このページではlinux環境にTrinityをインストールする方法を記載しています。
Trinityとは
de novo transcriptomeアセンブリング(リファレンス配列のない生物遺伝子を構築する)ツールです。
アルゴリズム
Trinityは以下のInchworm -> Chrysalis -> Butterflyの順にアルゴリズムが動作します。これらの詳細については以下をご覧ください。
Inchworm
k-mer ベースでcontigを生成します。メモリを大量に消費します。
Chrysalis
Inchwormで作成されたcontigから似ている配列を集め、選択的スプライシングやパラログのような配列をクラスター化します。そのcontig部分を基にde Bruijn graph(ド・ブラングラフ)を作成します。 de Bruijn graphに関する良質な記事: http://hoxo-m.hatenablog.com/entry/20100930/p1
Butterfly
Chrysalisでまとめられたcontigをもとにgraphを精査し、全体の再構築を行います。
事前準備
必要マシンスペック
1M(100万)ベースペアあたり1G(10億)bのメモリが必要です。
必須ソフトウェア
Trinityの実行には以下の3つのソフトウェアが必要です。
ディレクトリ構成
ホームディレクトリ直下(~/)にsrcとbinを作っておきます。
/src...パッケージ等を解凍したものの置き場所。
/bin...実行ファイル置き場。
のように置き場所を決めておくと便利です。
インストール
適当な場所にtrinitynaseq-Trinity-v2.8.4.tar.gzをダウンロードします。 以下コマンドで解凍します。

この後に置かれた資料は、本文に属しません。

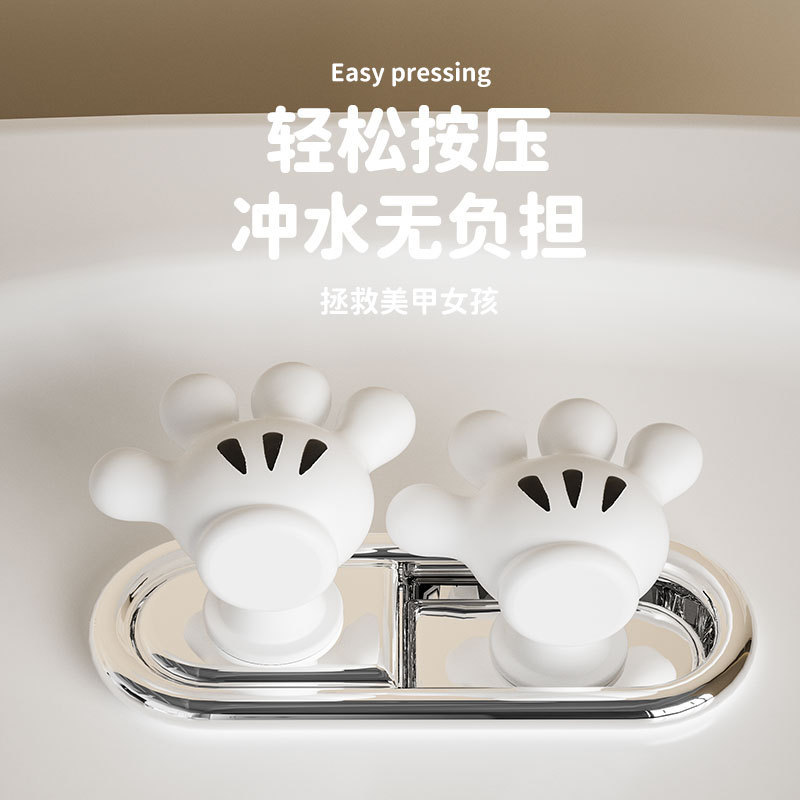ミッキーパームトイレプレス、かわいい長い爪、爪が折れにくいマニキュア、専用トイレフラッシング補助具
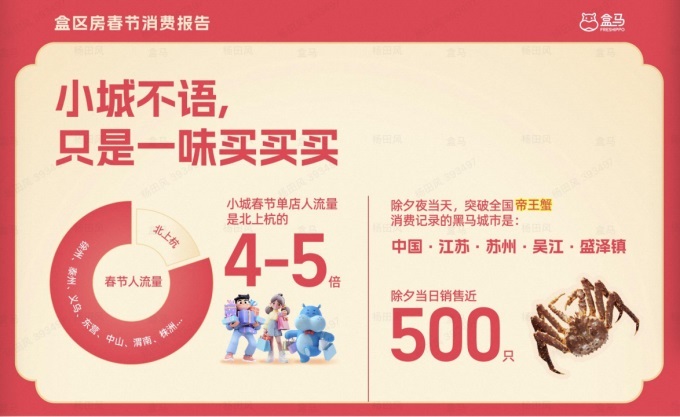 春節(jié)期間,廣大網(wǎng)友紛紛在社交平臺曬出年夜飯,帝王蟹、波士頓大龍蝦、三文魚等進(jìn)口海鮮霸占餐桌C位。數(shù)據(jù)顯示,盒馬春節(jié)海鮮水產(chǎn)銷售同比去年增長近四成,以二三線及縣域城市消費增速最快。其中,帝王蟹在除夕夜的全國銷量TOP3分別是盛澤、義烏、揚(yáng)州3家店。值得一提的是,盛澤店作為盒馬首家鎮(zhèn)級門店,更是突破全國紀(jì)錄單天最高賣出近500只。
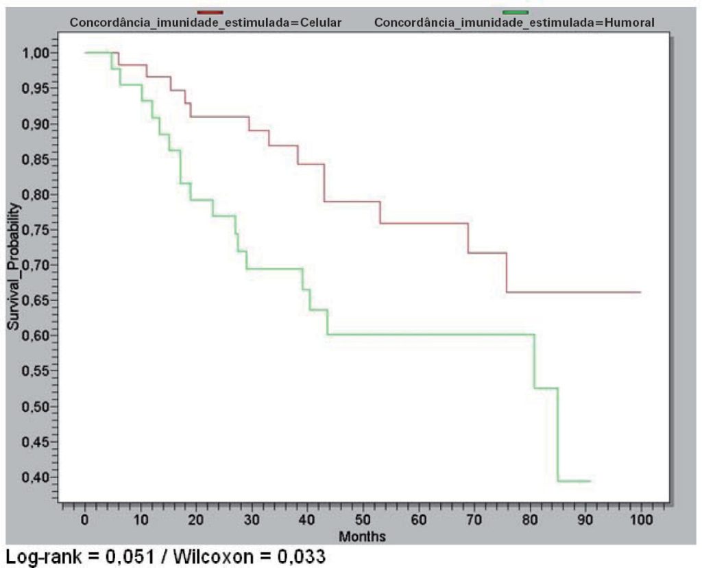 houve correlação positiva entre o padrão de estímulo da imunidade celular e o aumento da sobrevida em cinco anos em paciente pN0 com carcinoma epidermoide de laringe sugerindo a indicação de tratamento adjuvante em casos que apresentarem diminuição da imunidade celular mesmo na ausência de metástases patológicas detectadas pelos métodos habituais.

tar xvzf trinitynaseq-Trinity-v2.8.4.tar.gz
解凍したものを~/srcディレクトリに配置します。
mv trinitynaseq-Trinity-v2.8.4 ~/src/
~/src配下に置いたTrinityのインストールディレクトリに移動します。
cd ~/src/trinitynaseq-Trinity-v2.8.4
makeします。
make make plugins
必要であれば --prefix=
オプションでインストール先を変更することができます。
vimで.bashrcに追記します。
export PATH="$HOME/bin:$PATH" export TRINITY_HOME="$HOME/bin"
シェルを再起動するか、
source .bashrc
で環境変数を反映させます。 最後に~/binにTrinityへのシンボリックリンクを貼ります。
ln -s $HOME/src/trinitynaseq-Trinity-v2.8.4/Trinity $HOME/bin
これで、どの場所からでも
Trinity
コマンド一つでTrinityを起動できるようになりました。